Our work did not stop here. Due to our long term interest in structures, we proceeded to solve the structure of the “non-phospho-primed Rad53 dimer” by X-ray crystallography, and the structure of “phospho-primed Rad53 dimer” by small angle X-ray scattering (SAXS) models. The results provide structural insight for the different site specificities of the two cases. It is clear from the structures that the binding between the FHA1 domain and the pThr site plays an important role in properly orienting the conformation of the dimer, which in turn ensures autophosphorylation at Thr354.

 

The potential significance of this work goes beyond the Rad53 kinase.
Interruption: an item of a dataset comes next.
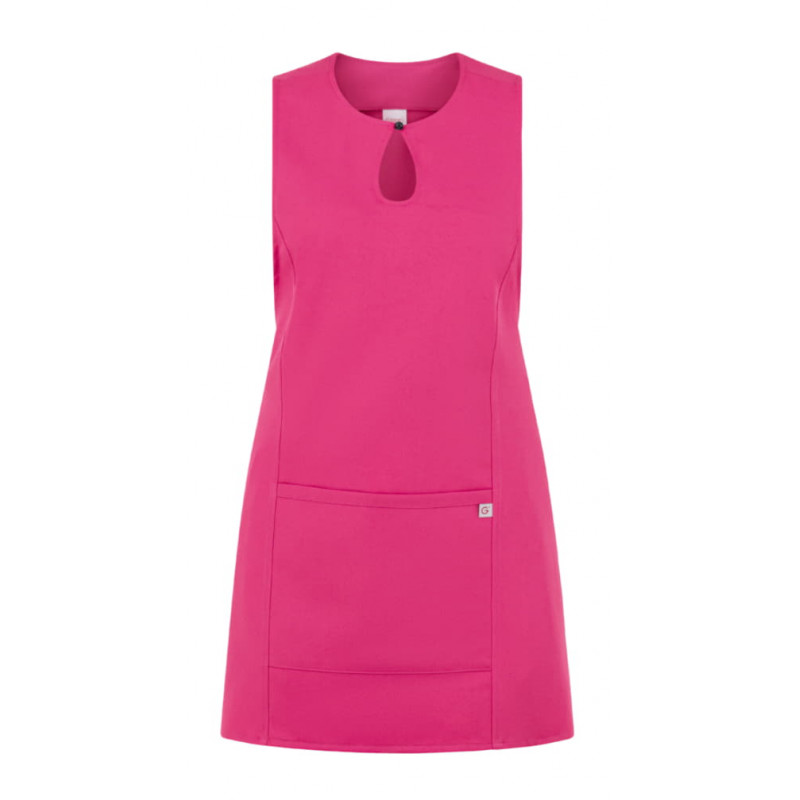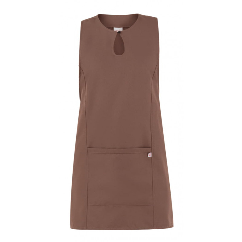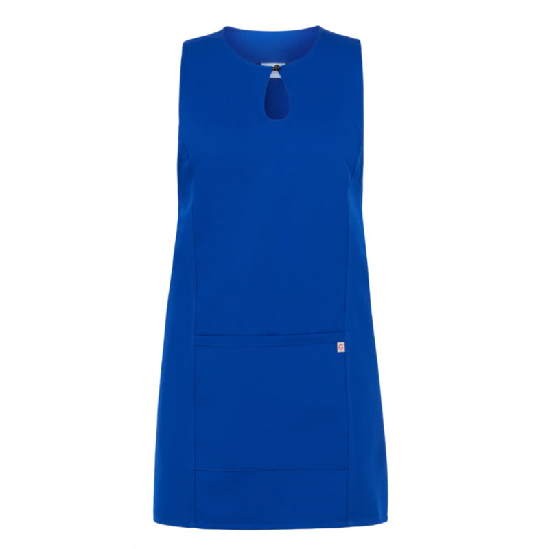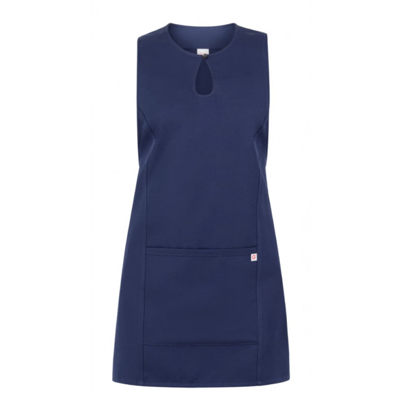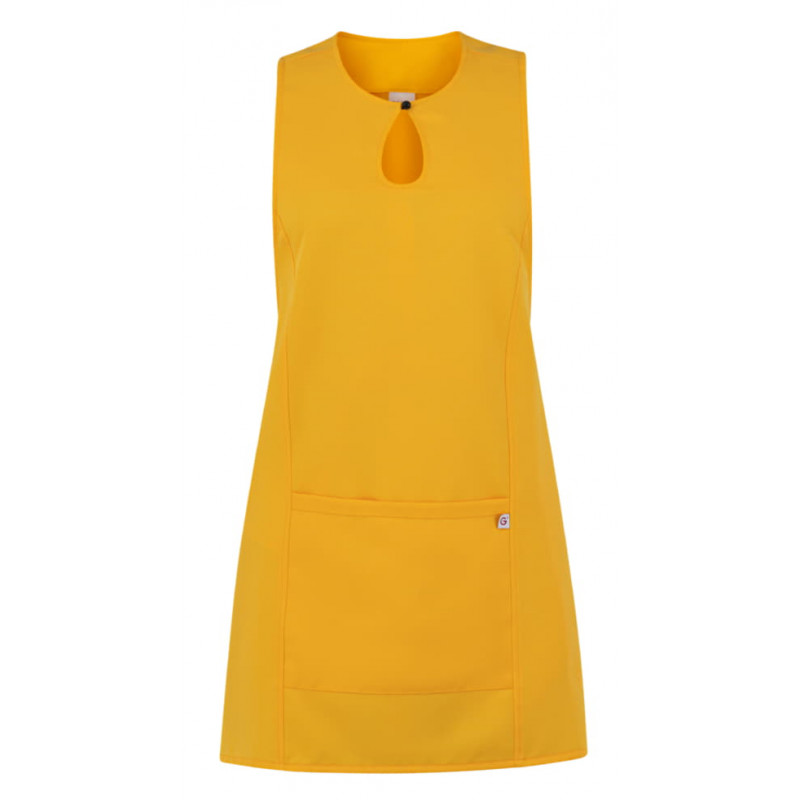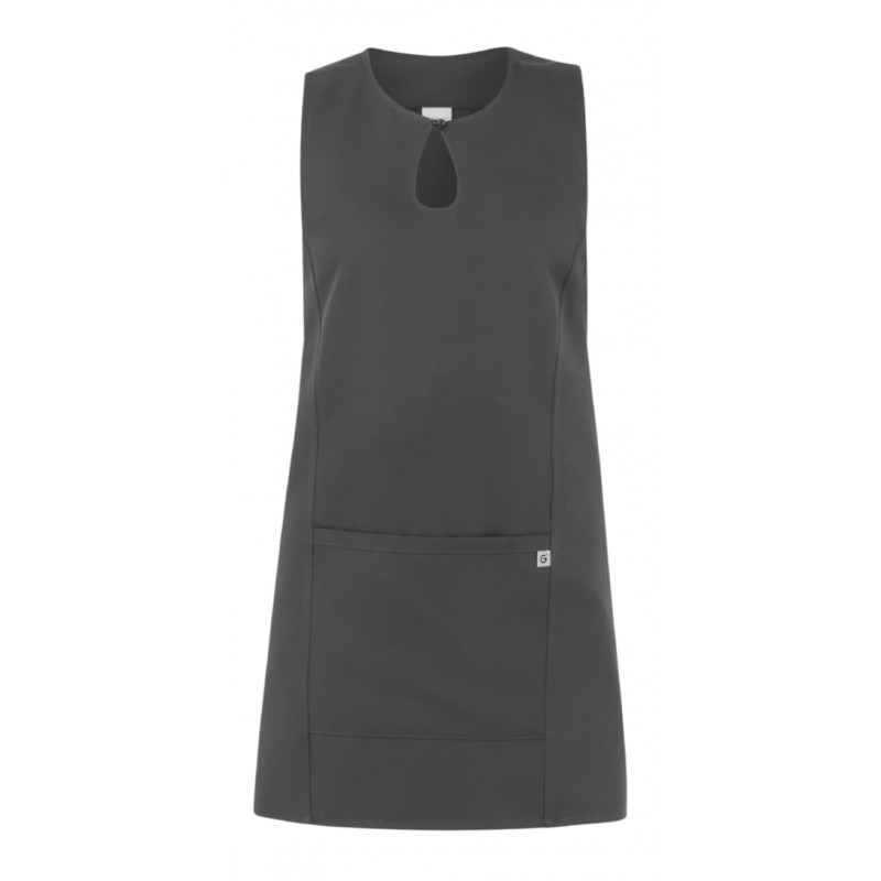 Lo scamiciato Gioia, è coperto nel dietro, ha un elegante scollo a goccia, presenta due tagli sui fianchi, impunturati a piedino, un’ampia tasca centrale, e quattro lacci, posti due sul davanti e due sul dietro che lo fanno aderire in vita. É realizzato in 100% poliestere di media grammatura, resistente alle alte temperature e al candeggio, ed è disponibile in ben quattordici varianti colore.

It has important implications in several aspects: (1) For in vitro structural and mechanistic studies, it is important to use not just a single domain, but instead multi-domain protein constructs should be used, in order to mimic in vivo conditions as much as we can. (2) Likewise, we should use proteins that are specifically modified according to in vivo conditions. (3) Phosphorylation is only one of the many possible modifications and is perhaps the simplest one. However, even the preparation of site-specifically, homogeneously phosphorylated protein requires advanced chemical and biochemical approaches. It will take even more effort to prepare proteins with other modifications, such as glycosylation, sumoylation, etc. (4) Without making such special effort, it could be a significant over simplification to extrapolate the results of in vitro biophysical studies to in vivo conditions.

 

 

Figure 1. Phospho-priming leads to a dimer involving reciprocal binding between the FHA1 domain and one of the phosphothreonine at the N-terminus, which ensures functionally relevant autophosphorylation at Thr354. Without phospho-priming, autophosphorylation occurs at Ser350 which is a catalytically inactive form.

 

References:

1.      “Structure and Function of the Phosphothreonine-Specific FHA Domain”.  Anjali Mahajan, Chunhua Yuan, Hyun Lee, Eric S.-W. Chen, Pei-Yu Wu, and Ming-Daw Tsai, Science Signaling 1, re12 (2008).  (Review)

2.       “Diphosphothreonine-specific interaction between SQ/TQ cluster and an FHA domain in the Rad53-Dun1 kinase cascade”.  Hyun Lee, Chunhua Yuan, Andrew Hammet, Anjali Mahajan, Eric S.-W. Chen, Ming-Ru Wu, Mei-I Su, Jörg Heierhorst, Ming-Daw Tsai, Mol. Cell 30, 767-778 (2008).

3.       “Use of quantitative mass spectrometric analysis to elucidate the mechanisms of phospho-priming and auto-activation of the checkpoint kinase Rad53 in vivo”. Eric S.-W. Chen, Nicolas C. Hoch, Shun-Chang Wang, Achille Pellicioli, Jörg Heierhorst, and Ming-Daw Tsai, Mol. Cell. Proteomics 13, 551-565 (2014).